The planned US study will be the first time an NMT inhibitor is tested in AML patients. The U.S. Department of Defense recently awarded a grant of $1.4 million to treat AML patients with PCLX-001. "Our ongoing clinical trial in people with NHL and solid tumors showed PCLX-001 was well-tolerated and achieved drug exposures likely to benefit AML patients," said Dr. John Mackey, CMO of Pacylex. "We look forward to treating AML patients with PCLX-001 in the near future."

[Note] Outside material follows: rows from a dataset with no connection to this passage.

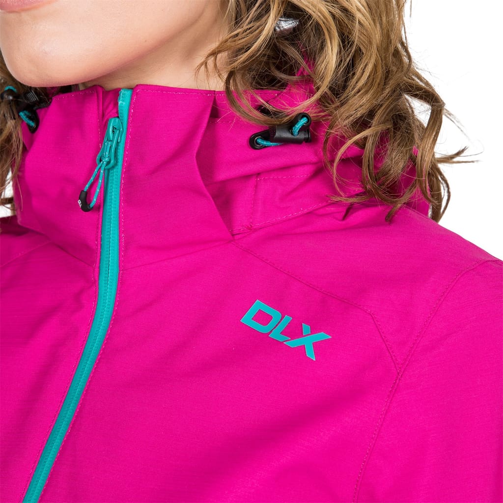 The DLX jacket is designed for practicality and style, featuring a hooded neckline and a water-repellent finish. It offers a regular fit with a straight hem and elasticated cuffs for comfort. The jacket includes a zipper closure with an adjustable drawstring, and is adorned with a logo. Solid in pattern, it also features practical pockets, including zipped options, for added convenience. -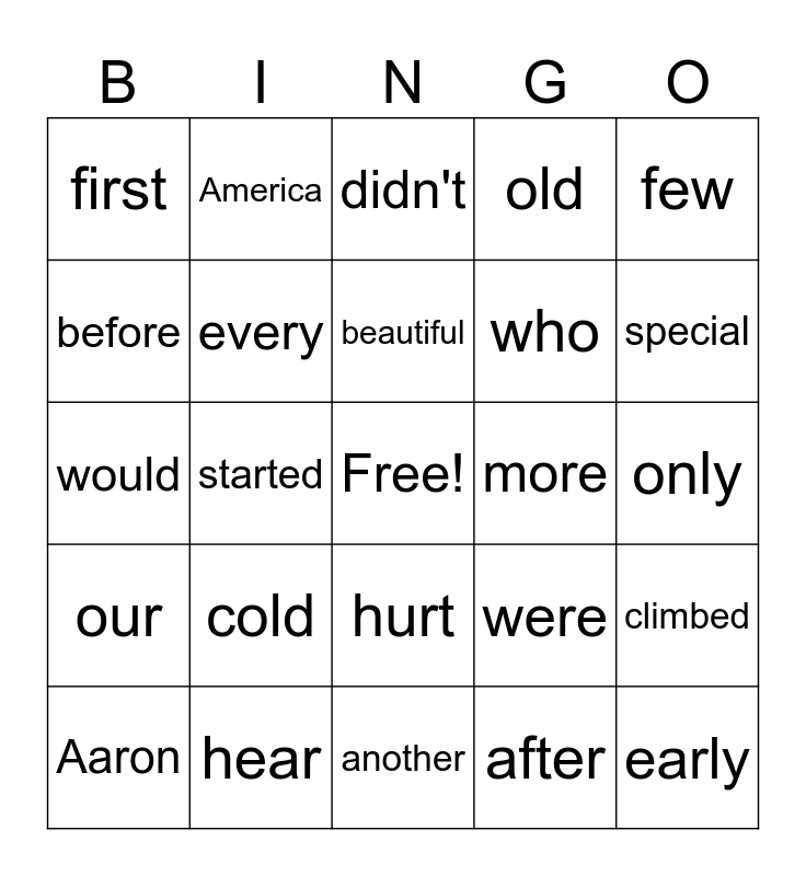 This bingo card has a free space and 37 words: sounds, group, long, more, only, our, started, three, who, won't, before, every, after, few, first, hear, hurt, old, special, would, America, beautiful, began, climbed, UCONN, country, didn't, give, often, year, your, another, were, early, Aaron, cold and says.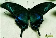 蓝凤蝶,Papilio protenor Cramer,凤蝶科凤蝶属的一种昆虫。翅展95~120mm。翅黑色,有靛蓝色天鹅绒光泽。雄蝶后翅正面前缘有黄白色斑纹,…全部>>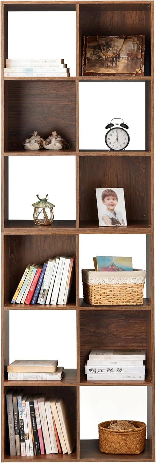 Whitmor 12 Cube Storage Organizer, 4 Tier Stackable Mdf Wood Bookcase, Open Storage Display Bookshelf, Storage Cabinet for Living Room, Bedroom, Home, Office, 35.1″L x 11.6″W x 47.5″H, White(Walnut)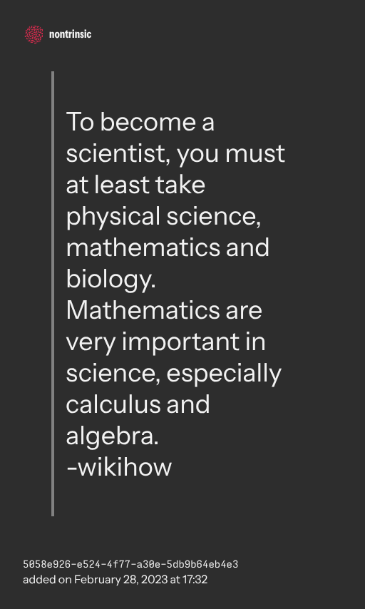 To become a scientist, you must at least take physical science, mathematics and biology. Mathematics are very important in science, especially calculus and algebra.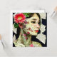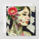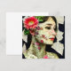 Pretty woman with pink flower in her hair art collage abstract ai art.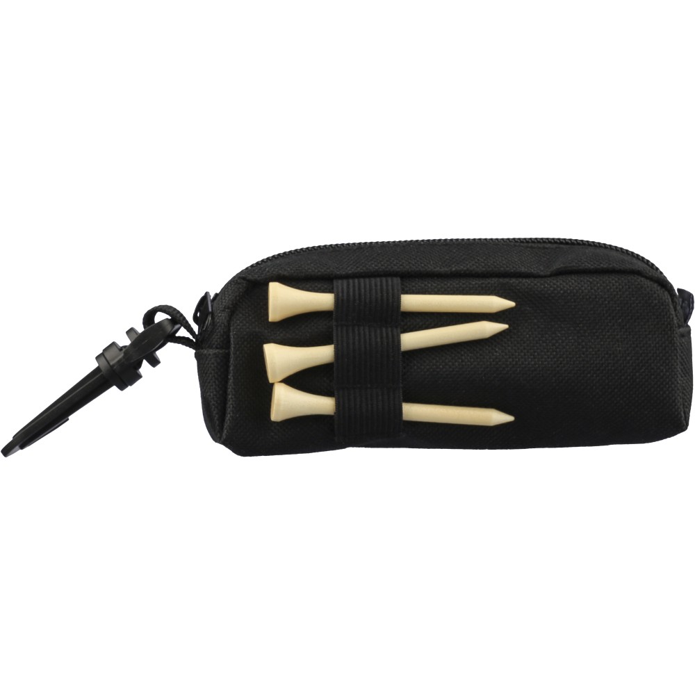 RPET anyagból készült, cipzáras tasakban elhelyezett golfkészlet PP karabinerrel, 3 gyakorló golflabdával és 3 darab bükkfából készült golftee-vel. A tasakon rPET címke található Emblémázás: Szitanyomás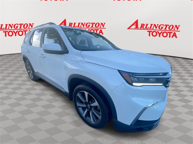 Odometer is 10677 miles below market average! Recent Arrival!CERTIFIED BY CARFAX - ONE OWNER, REMAINDER OF FACTORY WARRANTY STILL APPLIES, BACKUP CAMERA, BLUETOOTH HANDS FREE, ANDROID AUTO, APPLE CARPLAY, POWER SEATS, MEMORY SEATS, POWER LIFTGATE, SUNROOF/MOONROOF, PUSH BUTTON START, LANE DEPARTURE, ADAPTIVE CRUISE CONTROL, NON SMOKER, Pilot Touring, 4D Sport Utility, 3.5L V6 DOHC 24V, 10-Speed Automatic, FWD, Platinum White Pearl, Black w/Leather Seat Trim, ABS brakes, Electronic Stability Control, Four wheel independent suspension, Front dual zone A/C, Low tire pressure warning, Remote keyless entry, Steering wheel mounted audio controls, 12 Speakers, 3rd row seats: split-bench, 4-Wheel Disc Brakes, Adaptive Cruise Control: Adaptive Cruise Control (ACC) with Low-Speed Follow, Air Conditioning, Alloy wheels, AM/FM radio: SiriusXM, Apple CarPlay/Android Auto, Auto High-beam Headlights, Auto-dimming Rear-View mirror, Automatic temperature control, Axle Ratio: 4.167, Blind Spot Information (BSI) System warning, Bose Premium Sound System, Brake assist, Bumpers: body-color, Compass, Delay-off headlights, Driver door bin, Driver vanity mirror, Dual front impact airbags, Dual front side impact airbags, Emergency communication system: HondaLink, Front anti-roll bar, Front Bucket Seats, Front Center Armrest, Front fog lights, Front reading lights, Fully automatic headlights, Garage door transmitter: HomeLink, Heated door mirrors, Heated Front Bucket Seats, Heated front seats, Illuminated entry, Knee airbag, Lane departure: Lane Keeping Assist System (LKAS) active, Leather Seat Trim, Memory seat, Navigation system: Honda Satellite-Linked Navigation System, Occupant sensing airbag, Outside temperature display, Overhead airbag, Overhead console, Panic alarm, Passenger door bin, Passenger vanity mirror, Power door mirrors, Power driver seat, Power Liftgate, Power moonroof, Power passenger seat, Power steering, Power windows, Radio data system, Rear air conditioning, Rear anti-roll bar, Rear reading lights, Rear seat center armrest, Rear window defroster, Rear window wiper, Reclining 3rd row seat, Security system, Speed control, Speed-sensing steering, Speed-Sensitive Wipers, Split folding rear seat, Spoiler, Tachometer, Telescoping steering wheel, Tilt steering wheel, Traction control, Trip computer, Turn signal indicator mirrors, Variably intermittent wipers, Wheels: 20" Machine Face Shark Gray w/Blk Lug Nuts, Pilot Touring, 4D Sport Utility, 3.5L V6 DOHC 24V, 10-Speed Automatic, FWD, Platinum White Pearl, Black w/Leather Seat Trim, ABS brakes, Electronic Stability Control, Four wheel independent suspension, Front dual zone A/C, Low tire pressure warning, Remote keyless entry, Steering wheel mounted audio controls.CALL FOR AVAILABILITY AND EXTRA OPTIONS ARLINGTON TOYOTA 904-721-3000.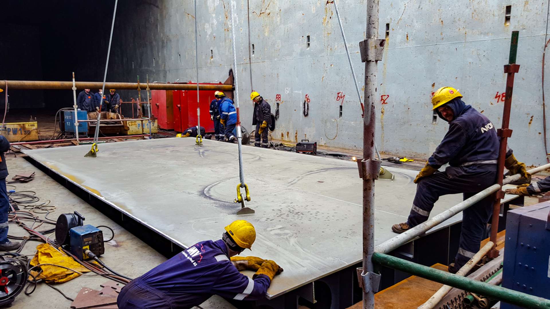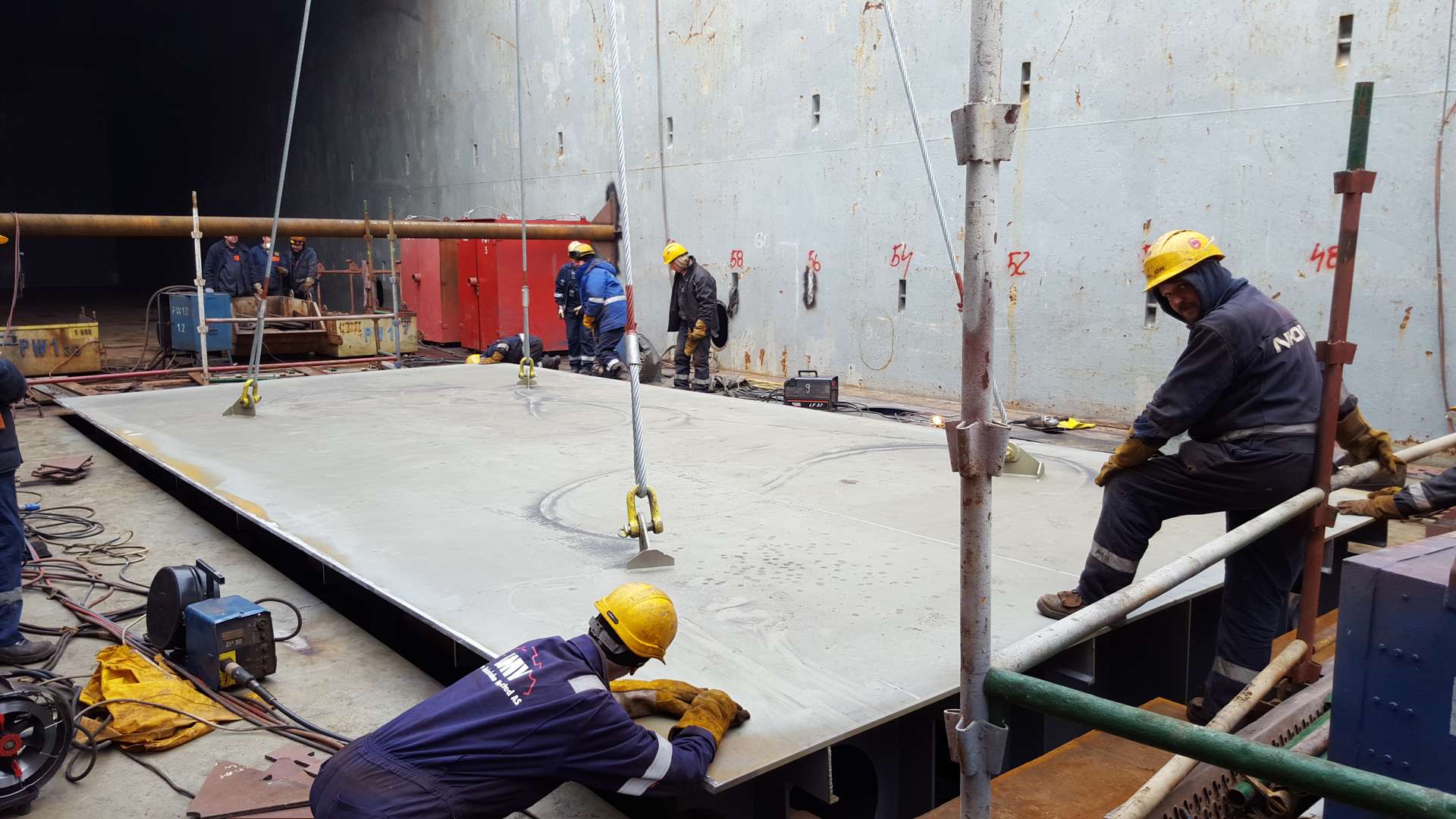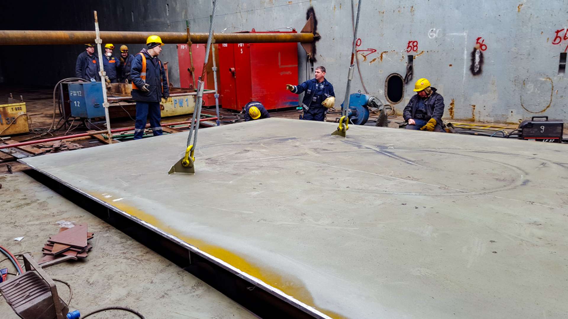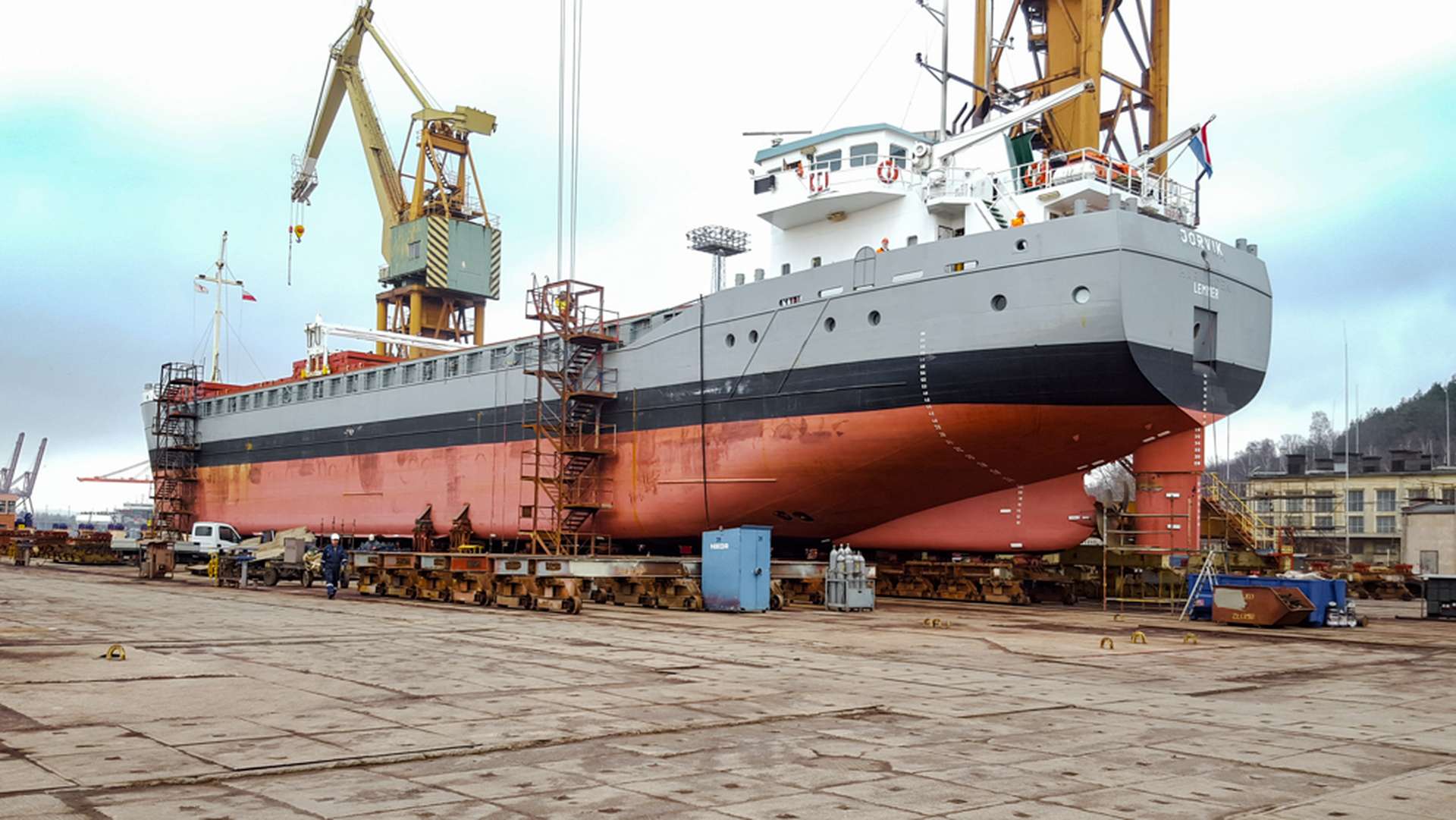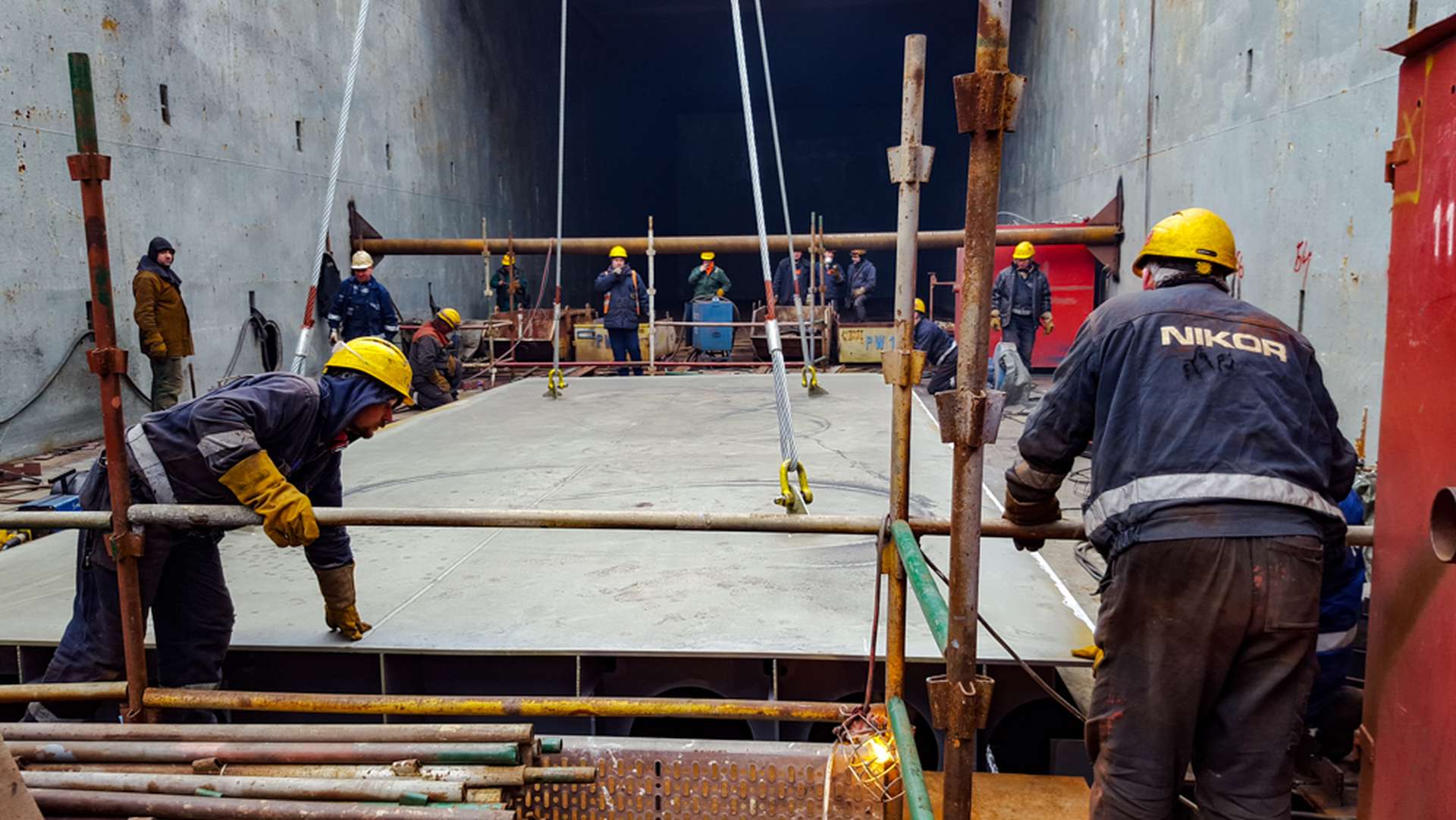 Jednostka Jorvik trafiła do stoczni po osadzeniu na mieliznę. Nasz remont polegał na prefabrykacji centralnej części dna wewnętrznego/zewnętrznego oraz montażu jej w kadłubie.

In animal models of AML, PCLX-001 monotherapy produced complete remissions in subcutaneous AML cell line derived xenografts (CDXs). In tail-vein injected AML patient derived xenografts (PDXs), PCLX-001 treatment resulted in up to 95% reduction of human peripheral blood and bone marrow CD45+ cells, which include the malignant stem cell population responsible for disease relapse.

The ongoing clinical PCLX-001 trial in NHL and solid tumor patients is registered at ClinicalTrials.gov Identifier: NCT04836195.

The U.S. FDA Orphan Drug Designation is only granted to investigational therapies addressing medical diseases or conditions that affect fewer than 200,000 people in the United States. Orphan drug designation provides several benefits to drug developers, including assistance in the drug development process, tax credits for clinical costs, exemptions from certain FDA fees and seven years of post-approval marketing exclusivity.

PCLX-001
PCLX-001 (aka DDD86481) is a first-in-class, small molecule NMT inhibitor originally developed by the University of Dundee Drug Discovery Unit as part of a program to treat African sleeping sickness, funded by Welcome Trust. Pacylex is developing PCLX-001 in the form of a once-a-day pill initially to treat leukemia and lymphoma. PCLX-001 has also been shown to inhibit the growth of lung and breast cancer tumors in animal models. In leukemia, lymphoma and breast cancer patients, the levels of NMT2 is correlated with survival, suggesting an important biological role in these cancers. In tests using cultured cancer cells in vitro, PCLX-001 is at least ten times as potent as ibrutinib (Imbruvica) and dasatinib (Sprycel), two clinically approved drugs currently used to treat hematologic malignancies.